El reloj de muñeca, ese pequeño aliado que nos acompaña en el día a día, nos marca el ritmo de la vida sin que apenas nos preocupemos por él... hasta que un día, sin previo aviso, su aguja se detiene o su display se apaga. Y ahí empieza el quebradero de cabeza.
El primer pensamiento es casi siempre de desconcierto: ¿Cómo puede ser que justo ahora se agote la pila? Como si hubiera un momento oportuno para ello. Luego viene la búsqueda de la dichosa pila, porque no todas son iguales, y el destino suele querer que la nuestra sea una de esas difíciles de encontrar, una rareza casi extinta en las tiendas de barrio. Y si, por suerte, damos con ella, nos asalta la siguiente duda: ¿Nos atrevemos a cambiarla nosotros mismos o mejor buscamos una relojería?

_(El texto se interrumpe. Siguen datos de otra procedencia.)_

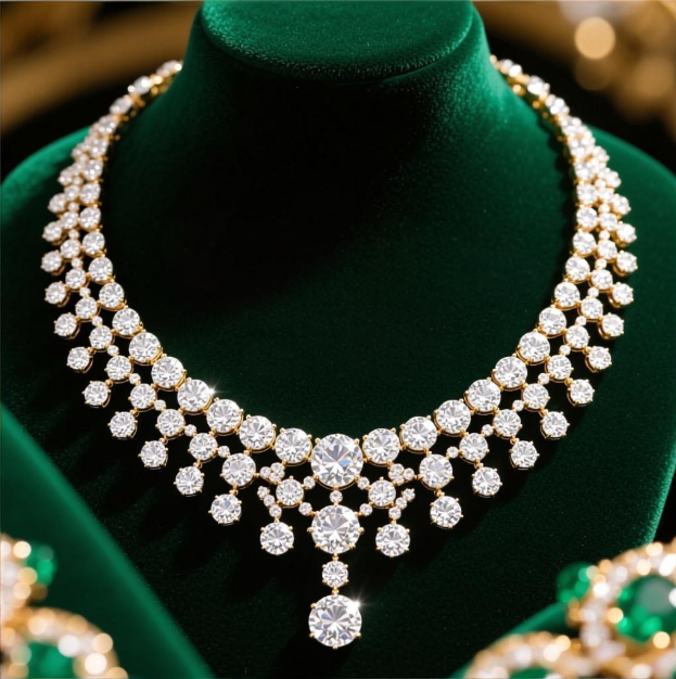 3. 材质奢华沙特王室钻石项链所选用的材质均为品质。无论是钻石、红宝石还是蓝宝石等宝石,都色泽鲜艳、纯净无瑕。这些宝石经过精心搭配和镶嵌,使得每一件项链都闪耀着璀璨的光芒。

Si optamos por la aventura del cambio casero, nos enfrentamos al reto de abrir la tapa del reloj sin estropearlo, lidiando con herramientas improvisadas o con kits específicos que parecen más diseñados para probar nuestra paciencia que para facilitar la tarea. Y si desistimos y decidimos acudir a un profesional, nos topamos con otro problema: cada vez quedan menos relojeros, esos artesanos de la precisión que parecen haber sido arrinconados por la era online y el descarte rápido.
Así, lo que en principio parecía un detalle menor se convierte en toda una odisea. Pero tal vez haya algo poético en ello: el reloj, ese objeto que nos mide el tiempo, nos obliga, en su pausa inesperada, a detenernos también, a valorar lo que implica su presencia y lo que supone su ausencia. Nos recuerda que, aunque intentemos controlarlo, el tiempo tiene su propio ritmo... y a veces, nos impone un pequeño alto en el camino.